CREATE TABLE users_columnstore USING columnstore AS 
SELECT * FROM users_rowstore;

Drop Columnstore Table​

DROP TABLE users_columnstore;

Supported Features​

Columnstore tables support most PostgreSQL features, including:

  • All standard DML operations (INSERT, UPDATE, DELETE)
  • Transactions and ACID compliance
  • NOT NULL constraints and default values
  • Joins between columnstore tables, and between columnstore and rowstore tables.

Unsupported Data Types​

While most PostgreSQL data types are supported, there are a few limitations:

  • Unsupported Data Types:

    • Enums
    • uhugeint
    • JSONB (support is in progress)
    • Arrays (limited support for some types)
  • Unsupported Constraints:

    • Primary keys
    • Foreign keys
    • Unique constraints
    • Indexes

There may also be some precision differences when dealing with Postgres numeric types, and not all data types support comparisons to literals in queries yet.

Partitioned Tables​

pg_mooncake does not currently support partitioned tables. However, partitioning is usually not required to get good performance with columnstore tables.
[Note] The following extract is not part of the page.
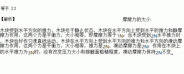一木块静止在水平地面上,若用1N的水平推力推木块没有推动,此时木块受到的摩擦力________1N(选填“大于”、“等于”、“小于”),若用2N的水平推力刚好能推动木块匀速前进,此时木块受到的摩擦力为_______N,若用3N的水平推力推动木块前进时,木块受到的摩擦力为_______N。
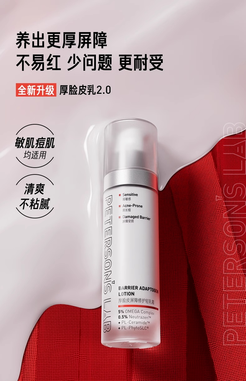 厚脸皮乳作为毕生之研的明星产品之一,在1.0版本已经建立了良好的修复心智和口碑,主要针对肌肤的维稳修复,但只做了敏感肌的功效测试报告。然而,2024年4月上新的2.0版本的升级覆盖了更多人群,为问题皮肤尤其是油痘皮肤,针对性升级了油脂组合,提升了OMEGA-3的含量。

This is because data is naturally 'segmented' into data files, and pg_mooncake automatically performs file skipping (segment elimination) at query time. This provides many of the same benefits as partitioning without the added complexity.

Schema Modifications​

Currently, you cannot alter a columnstore table schema after creation. If you need to change the schema, you'll need to:

  1. Create a new table with the desired schema
  2. Copy the data from the old table to the new one
  3. Drop the old table
-- Example of recreating a table with a modified schema
CREATE TABLE users_columnstore_new (
id INT,
name TEXT,
email TEXT, -- New column
created_at TIMESTAMP
) USING columnstore;

INSERT INTO users_columnstore_new (id, name, created_at)
SELECT id, name, created_at FROM users_columnstore;

DROP TABLE users_columnstore;

Setting Columnstore as Default Table Access Method​

PostgreSQL allows you to set a default table access method using the default_table_access_method configuration parameter. This means you can make all new tables use columnstore storage by default, without having to specify USING columnstore in each CREATE TABLE statement.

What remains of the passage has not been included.